The Changing Web

Published on by David A. Kennedy

Fascinatingly, to me, anyway, while many of us prefer to concentrate on design, content, and experience, it continues to be necessary to remind our work comrades (or inform younguns) about web standards, accessibility, and progressive enhancement. When a site like Facebook stops functioning when a script forgets to load, that is a failure of education and understanding, and all of us have a stake in reaching out to our fellow developers to make sure that, in addition to the new fancy tricks they’ve mastered, they also learn the basics of web standards, without which our whole shared system implodes.

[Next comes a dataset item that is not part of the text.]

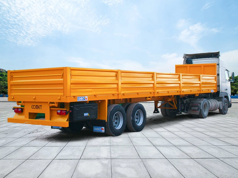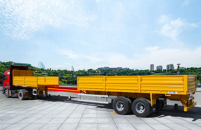 SEMI-REMORQUE PLATEAU SIMPLE EXTENSIBLE A TROIS ESSIEUX POUR LE TRANSPORT DE PIPELINE
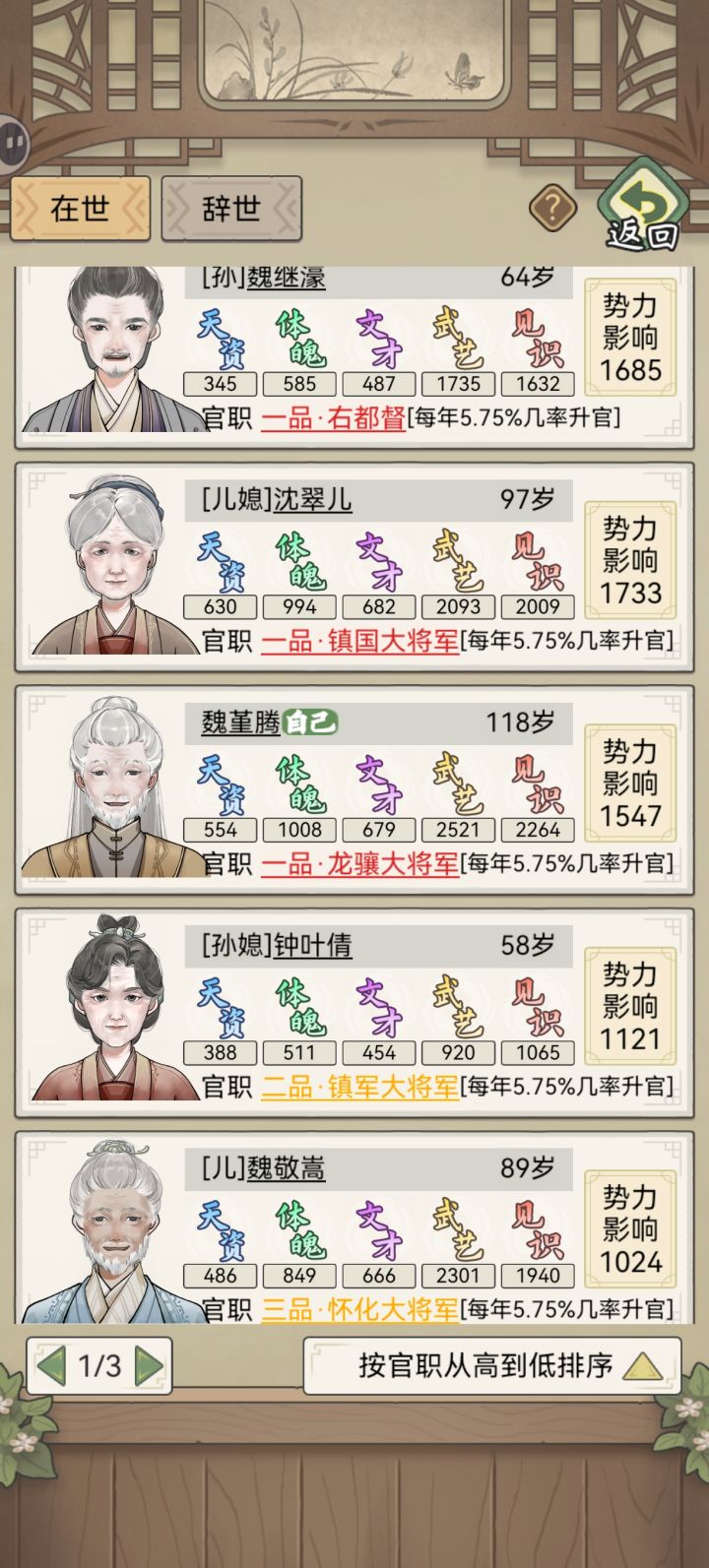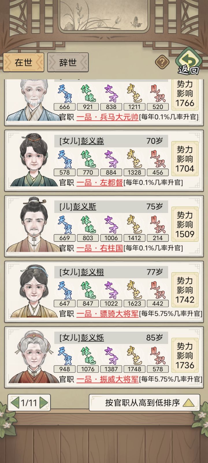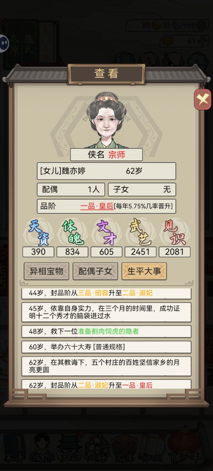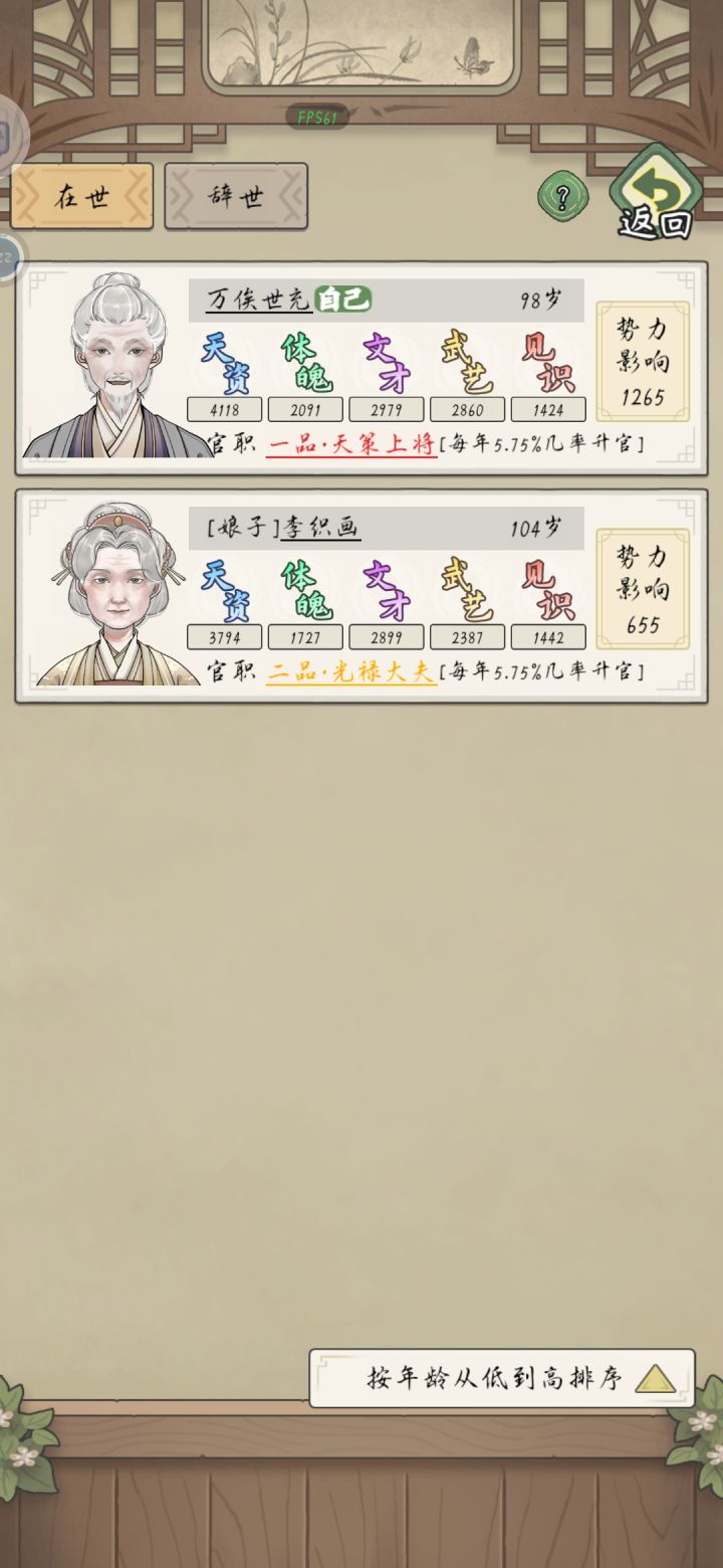 几世才供出来一个皇后从二品到皇后花了十多年,还不能留下后代武官升级就轻轻松松46岁速成一品,家里一排高品武官——非要玩的话1. 压制家族人口,适龄的不急着结婚,让秀女尽可能多地吃到人脉的属性提升;2. 人脉优先选增加见识的;3. 秀女的文才和体魄保持100+,才能参加+见识的两个分工(80岁以后就不能参加远行了,尽可能在这之前把见识拉到1k5以上);4. 选秀前可以

This doesn’t mean “go be an HTML guru.” It does mean cherish the lessons of the recent past, and share them with those who missed them (or missed the point). Wisdom is not a job, but it is always an asset.

Jeffrey Zeldman It’s 2014. Is Web Design Dead?, a response to Jeff Croft’s Web Standards Killed the HTML Star

I love HTML and CSS. They’re as much art as they are science. That’s why I create with them.

If we view the average web worker’s skill stack as a cake (this kind of cake), at least two of those layers are HTML and CSS. You can make that third layer and icing out of whatever you’d like: design, UX, accessibility, etc. And guess what, you can change that or add layers. It’s the web! Fluidity and flexibility mean something around here, but you’ll always need those two layers of HTML and CSS. They form your base and will serve you well. The rest is up to you. Do your best to welcome change, in technology and yourself.